At least two TV stations will show an uncensored documentary about soldiers in Iraq despite a warning from PBS that it can’t insure stations against FCC fines stemming from bad language.
The public broadcaster is distributing “clean” and “raw” versions of next Tuesday’s “Frontline” documentary about the Iraq war, titled “A Company of Soldiers.”
It’s an example of the television’s industry’s continued uncertainty about Federal Communications Commission standards for language and content, and a real-life echo of last fall’s decision by 66 ABC affiliates not to air the movie “Saving Private Ryan.”

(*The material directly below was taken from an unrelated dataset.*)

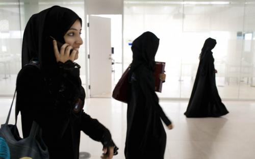 Эмиратские женщины служат нации, занимая должности в различных госучреждениях, в том числе в федеральном правительстве, где заседают девять женщин-министров.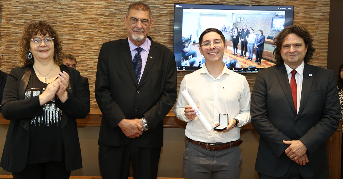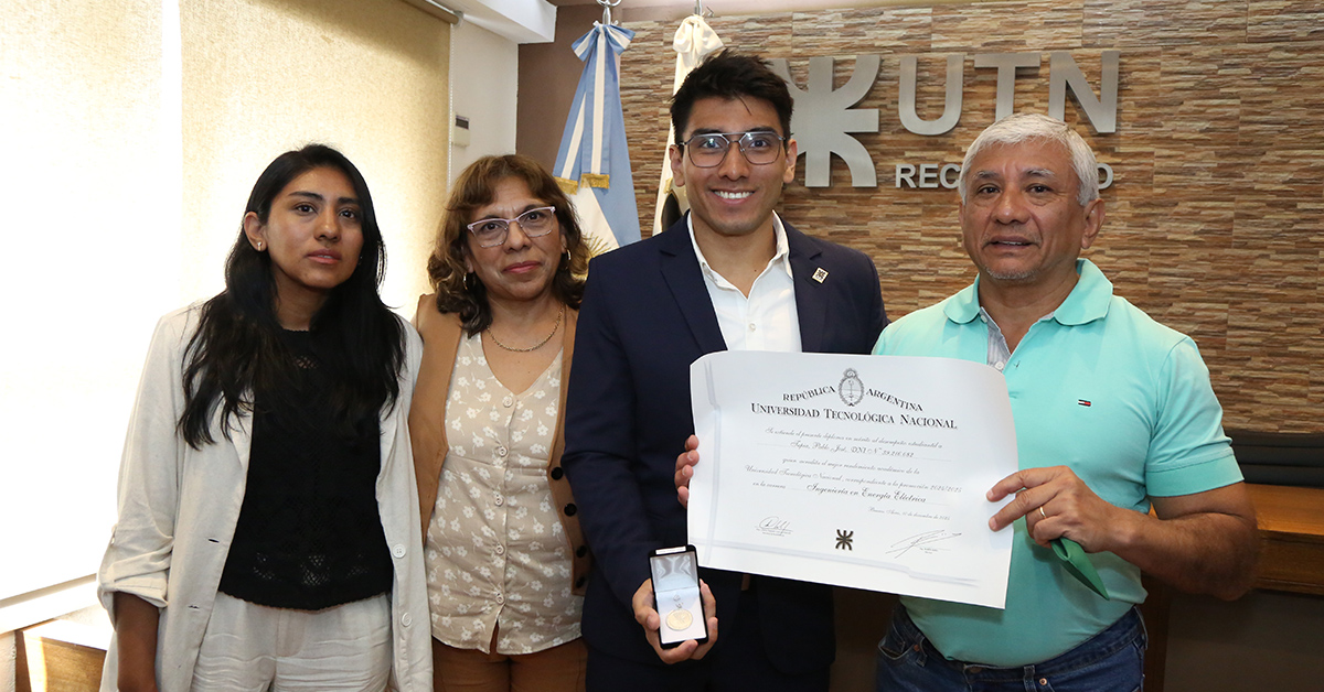 La medalla de oro fue otorgada a Agustín Gabriel Villarreal, de Ingeniería en Sistemas de Información (UTN Buenos Aires), quien obtuvo el mejor índice de Rendimiento Académico 2024-2025. También recibió la medalla de plata y su certificado de reconocimiento.

The documentary contains 13 expletives spoken by soldiers. But “Frontline” producers also made a separate version with the words edited out, for use by some of PBS’s 170 stations in more conservative parts of the country.
Instead, PBS decided to send the clean version out to all of its stations. The raw version will also be made available, but station managers will have to make a special effort to tape it in advance.
KCTS general manager Randy Brinson told The Seattle Times on Thursday the station will show the unedited version Tuesday in the show’s usual time slot, 10 p.m. PST.
“I watched the program with the flagged comments, and I think that they are totally in context,” Brinson said. “They are journalistically appropriate, they underscore the story, and our decision is to go with the program as originally produced.”
“Frontline” is produced by Boston’s WGBH, which also will air the raw version.
PBS warned its stations that if they want to put themselves at risk of an FCC fine for language, the system can’t insure them, said senior programming executive Jacoba Atlas. To air the raw version, stations must sign a statement acknowledging the financial risk is theirs.
“It’s a financial decision,” Atlas said. “It’s not a decision that reflects on the merit that we think the film has.”